First broadcast on WXYZ in Detroit, The Lone Ranger quickly developed into a cultural and commercial phenomenon. Despite, or perhaps because of, the program's unrepentant borrowing from pulp and folkloric sources, the Ranger's comfortingly familiar masculinity elicited a devoted listener response. Audiences not only tuned in three times a week to hear the masked man's signature cry of “Hi-Yo Silver,” but they also devoured Lone Ranger comic books, newspaper comic strips, novels, movie serials, and, later, both live-action and cartoon television series. Strong, stoic, and unquestionably patriotic, the masked rider of the plains was part Zorro, part Robin Hood, and wholly American. In rescuing homesteaders from greedy businessmen and burgeoning settlements from outlaw gangs, the Ranger consistently demonstrated that the Wild West could be tamed and the American Dream preserved—though only by a masculinity firmly rooted in the American tradition of protecting the underdog.
Much of the Ranger's appeal lay in his mutability. Whereas other radio heroes were scripted in almost lurid detail, the Ranger's masked face and mysterious origins encouraged listeners to personalize him according to individual taste and desire. Hence, though the Ranger was meant to be an educated white easterner, he was alternately imagined by audiences as Asian, Hispanic, working class, gay, and so forth. Given the challenges to American masculinity posed by woman suffrage, World War I, and the Great Depression, the Ranger's mutability offered men a fluid, and thus potentially more powerful, identity.
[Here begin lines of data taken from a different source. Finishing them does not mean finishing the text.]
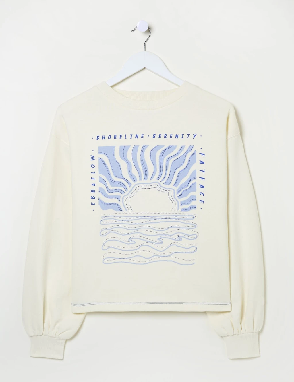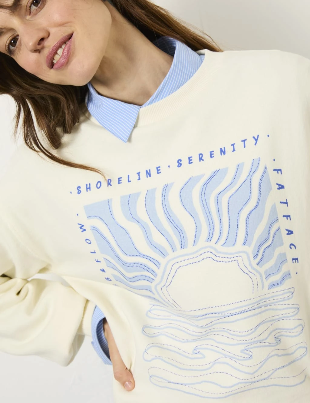 Bring a coastal vibe to your casual wardrobe with this pure cotton sweatshirt by FatFace. It’s made in a regular fit, with dropped shoulders on the long sleeves for an easy-going look. The graphic on the chest features a sea scene with calming slogans. Ribbed trims at the cuffs and crew neckline complete the design.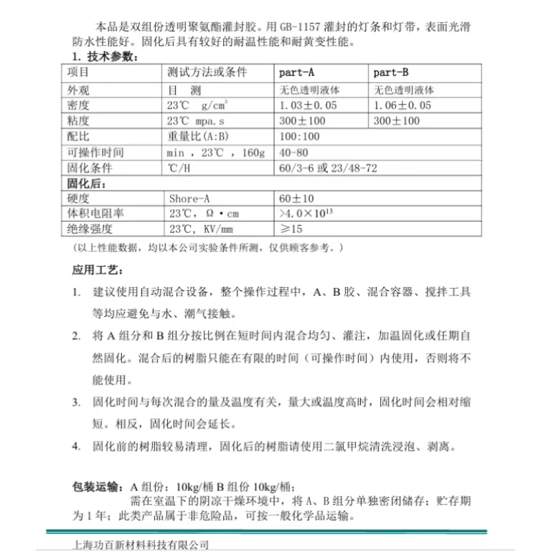 7聚氨酯灌封胶 耐温性耐黄性佳 灯条 灯带灌封ab组份密封胶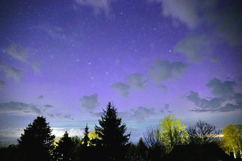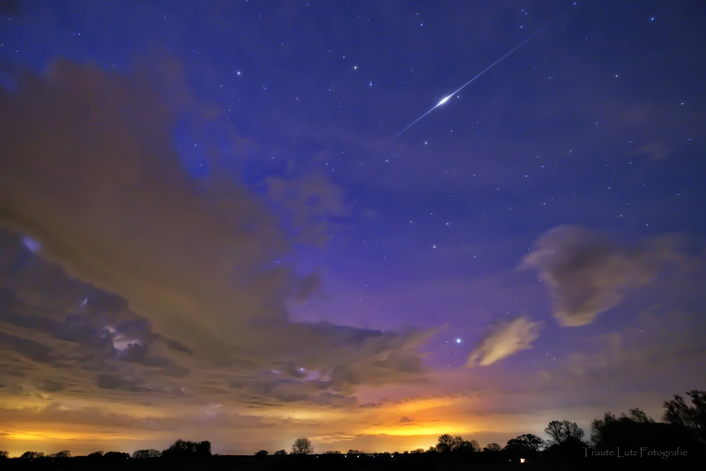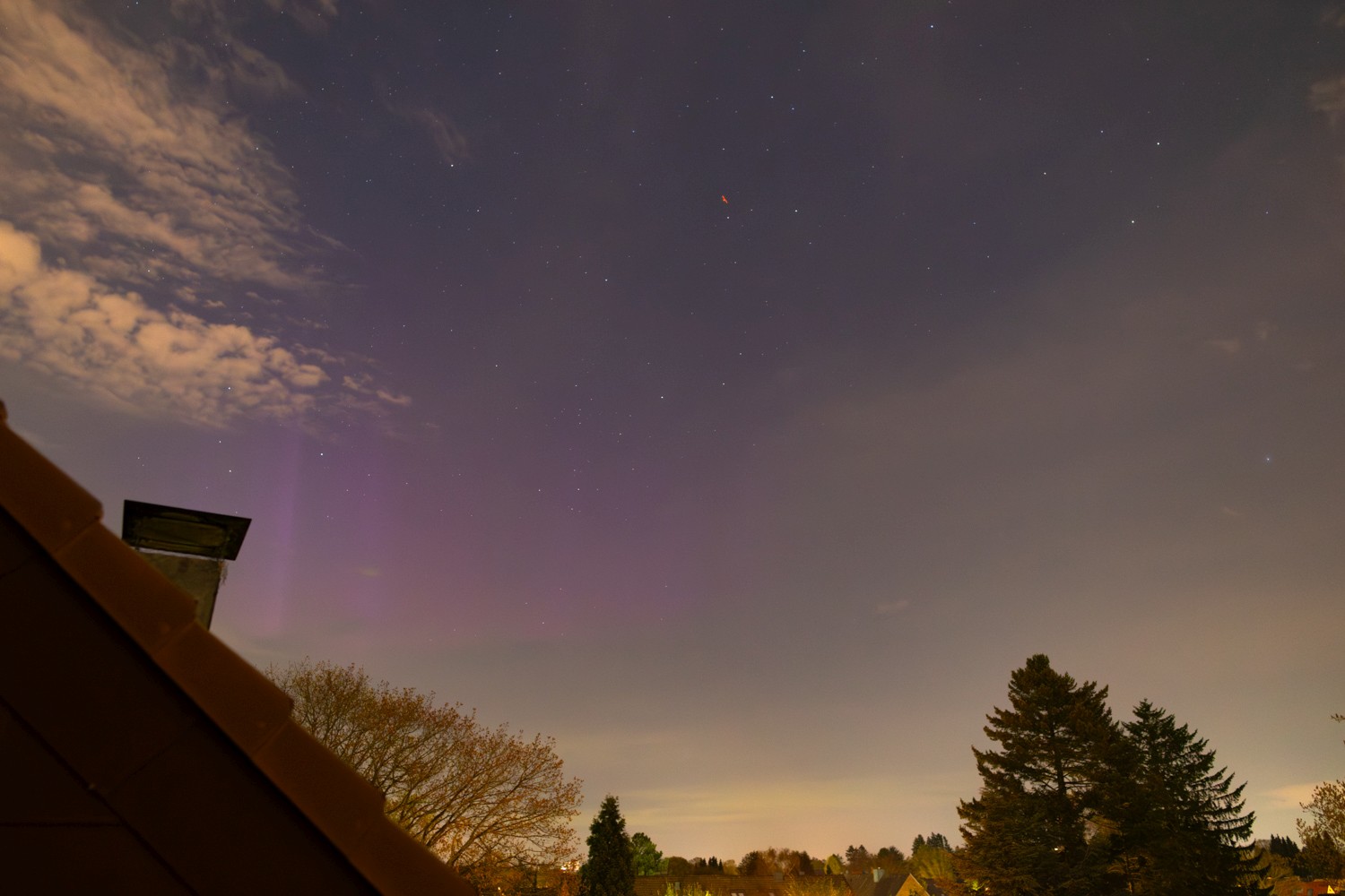 Ab 22 Uhr war der Himmel bereits in den Wolkenlücken lila eingefärbt. Bild 2 (da hab ich wohl auch einen Satelliten-Flare erwischt)

The masked man's relationship with Tonto, however, was less dynamic. Although the kemo sabes (faithful friends) adventured together in almost all of the 2,956 radio episodes, Tonto was never listed in the program's title. Indeed, he was less a partner than a constant reminder that men of color could never have a starring role. Whereas the Ranger rode Silver, a magnificent white horse, Tonto had only a small but sturdy pinto, or paint pony; in contrast to the masked man's flawless diction, “Old Smoky-Face” spoke in broken English; and when the manly Ranger dealt in six-gun justice, Tonto—in a role many Americans identified with women—succored the sick with “Indian medicines.” Not a partnership of equals, their relationship reiterated, rather than challenged, the racism that had long underpinned mainstream American masculinity.
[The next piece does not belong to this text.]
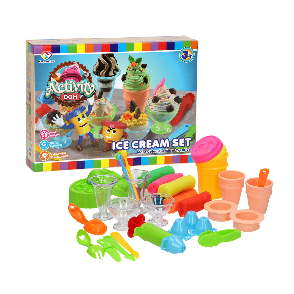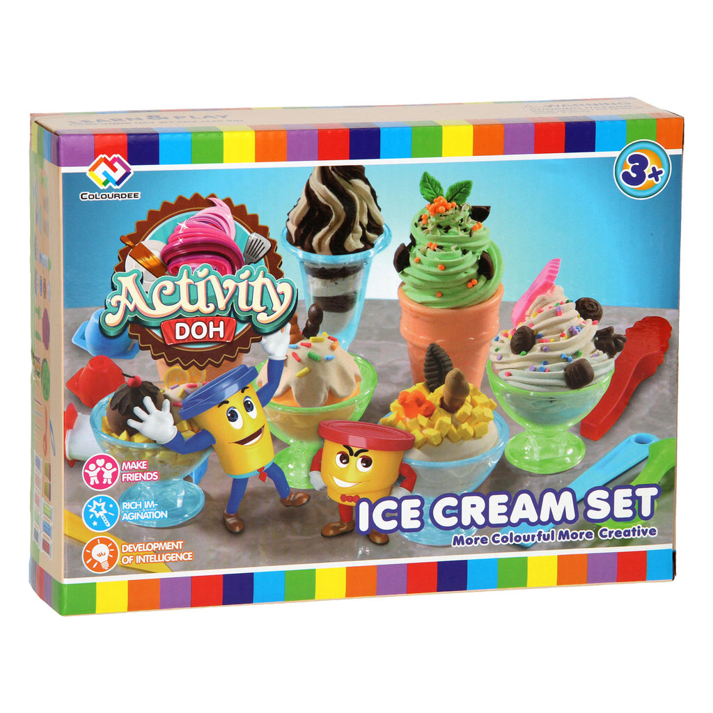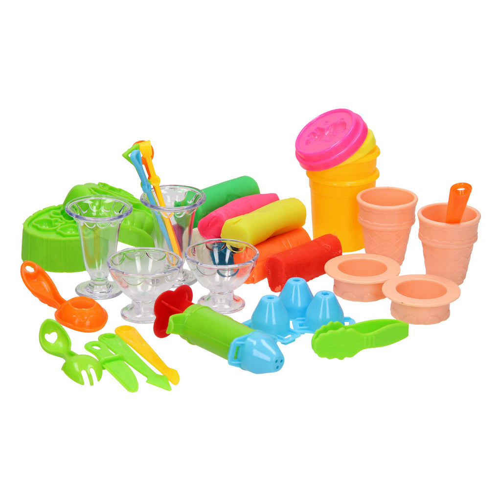 Maak allerlei verschillende ijsjes met deze kleiset! Wees creatief en versier je ijsjes met allerlei soorten kleivormpjes die bij de set geleverd worden. Inhoud: vier ijsbekers, twee ijshoorntjes, acht verschillende kleuren klei (in totaal 227 gram), verschillende kleivormpjes en alle benodigdheden om de ijsjes te maken. De kleivormen zijn gemaakt van kunststof.

In an era marked by economic depression, the rise of mass popular culture, World War II, and radio's epidemic expansion, The Lone Ranger supplied a vision of masculinity that was at once fluid, traditional, and ultimately reassuring. This combination of invention and convention forged a powerful myth that even today defines American notions of heroism. One need only look to masked film and comic book icons such as Batman (with his feminized sidekick Robin) and Spiderman to see the Ranger's continuing influence.